I wish I could solve the worlds problems and wave a magic wand and have everyone treat everyone with kindness, compassion and mercy. I would wipe away world hunger and poverty, I would insure that every child and every animal and every person was treated with love, dignity and respect. If I had a dollar for every wish I wished I would be rich.
God made of me a mother, not only of children but friends and loved ones. He put me through hard dark times to give me a unique understanding. God made me with a desire to serve, to be everything that he wants me to be. God made of me a teacher, to reach and teach the heart and minds of students. God made me in his image to act in a way that allows people to see him through me. God did not promise an easy road, in fact he promised it would be difficult.
God's love is sufficient but honestly I wish he'd throw in some armor to protect my heart.
I pray often for the strength to do my job, the continued drive to keep up the good fight, I pray for motivation and wisdom and the ability to reach the unreachable. God answered that prayer and things were going well. Then the world put's it foot out and trips you up.
I wish I could say that it doesn't stop me in my tracks. That is doesn't send me spiraling down into sadness and despair. I wish I could say " I'm doing the best I can" then just keep my chin up and keep smiling.
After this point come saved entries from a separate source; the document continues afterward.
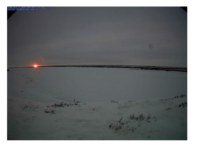
This November 24, 2022 photo depicts the last transmitted image of river ice conditions along the Colville River near Ocean Point.

Water Stage Height (Stage 2): 7.65' (above MSL) Water Temp (Temp 1): 31.8°F Air Temp (1-week high): 35.06°F Air Temp (1-week low): -4.0°F Air Temp (1-week avg): 15.53°F
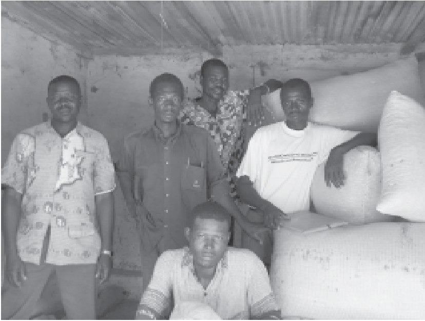
In the village of Waltama, the men's group has organized a village granary, which enables villagers to store grain until the market price is highest.

their success. The creation of a village granary exemplifies that spirit, said Michel Miramadjingaye, who is president of the Waltama group.
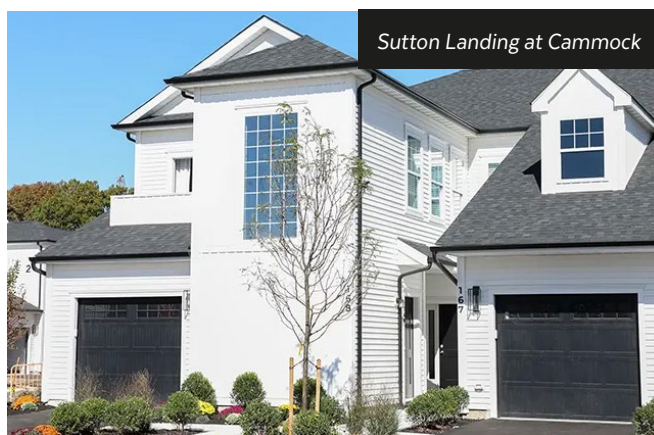
Sutton Landing at Cammock
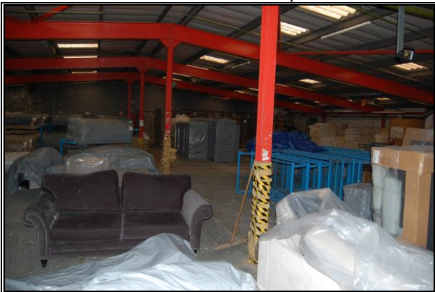
Area A Internal
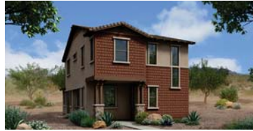
V – Shown with Optional Brick
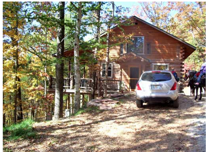
Front Entrance - View of cabin from driveway.
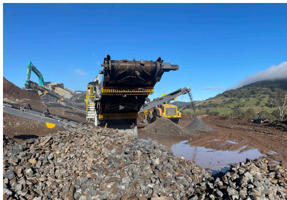
Manufacture Gabion Rock at TSR
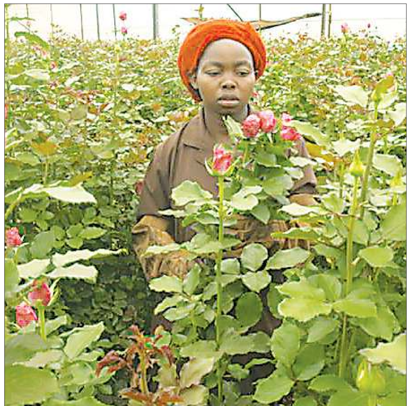
Several flower farm workers told Al Jazeera they earned little more than $100 a month
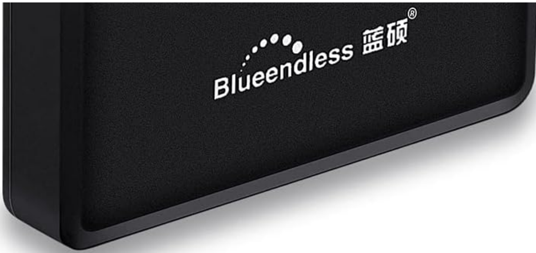
Image: The Blueendless external hard drive connected to a laptop, illustrating a typical setup for immediate use.
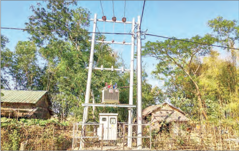
According to the Township Electricity Manger's Office, only six villages remain to have access to electricity.

ABOUT 90 per cent of the rural areas in Dala township can now access electricity. According to the Township Electricity Manger's Office, only six villages remain to have access to electricity. There are 54 villages in 23 village-tracts of Dala township in the Yangon region. Only six villages need to access electricity. Therefore, all the villages will have access to electricity very soon. "In 2020-2021, only six villages are left to install electricity. These villages are Kyutawyo village, Chaw Lae Wa village, Wae Gyi village, Thayaw Than village, Thayargone village and Nyaung Laybin village. The 400-volt power lines and 11 kV power lines have also been installed. The electricity could be supplied
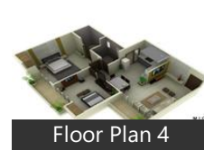
Floor Plan 4

* These floor plans are of the project and might not represent the property
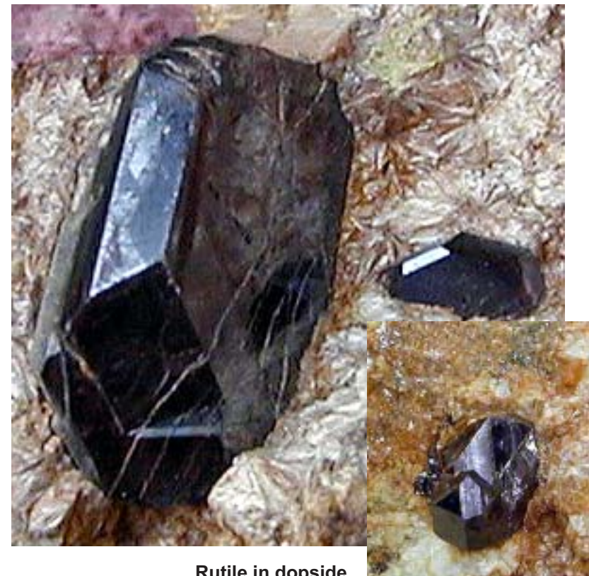
Rutile in dopside

Schorl is not common in the quartz at White Mountain. At the Vulcanus # 8 Tunnel occasional groups of quartz crystals are found with the spaces between crystal prisms containing acicular hair-like schorl crystals. This material is not common but some pockets contain a considerable amount of material.
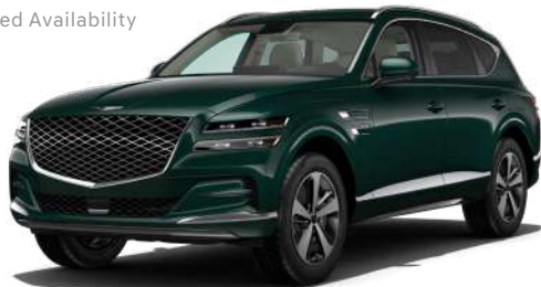
CARDIFF GREEN Limited Availability
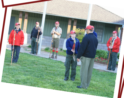
Bear is now Service Patrol

I wish.... Truth is it makes it hard to do anything but withdraw. It is hard do my job and talk with people. It makes me wonder why I put so much of myself out there for people.
You can do everything in the world to be everything to everyone and it won't be good enough. Your humanity and your faults will trip you up. Unthoughtful or hurtful people will try to push you down. Happenstance and humanness will keep you from perfection. You will try something new, you will try to do what is expected and it will fail. If you are me, it will always cut deep. It will always make it hard to get up and continue.
I will still praise God,. God made me this way but I still wish I had been born with a different disposition.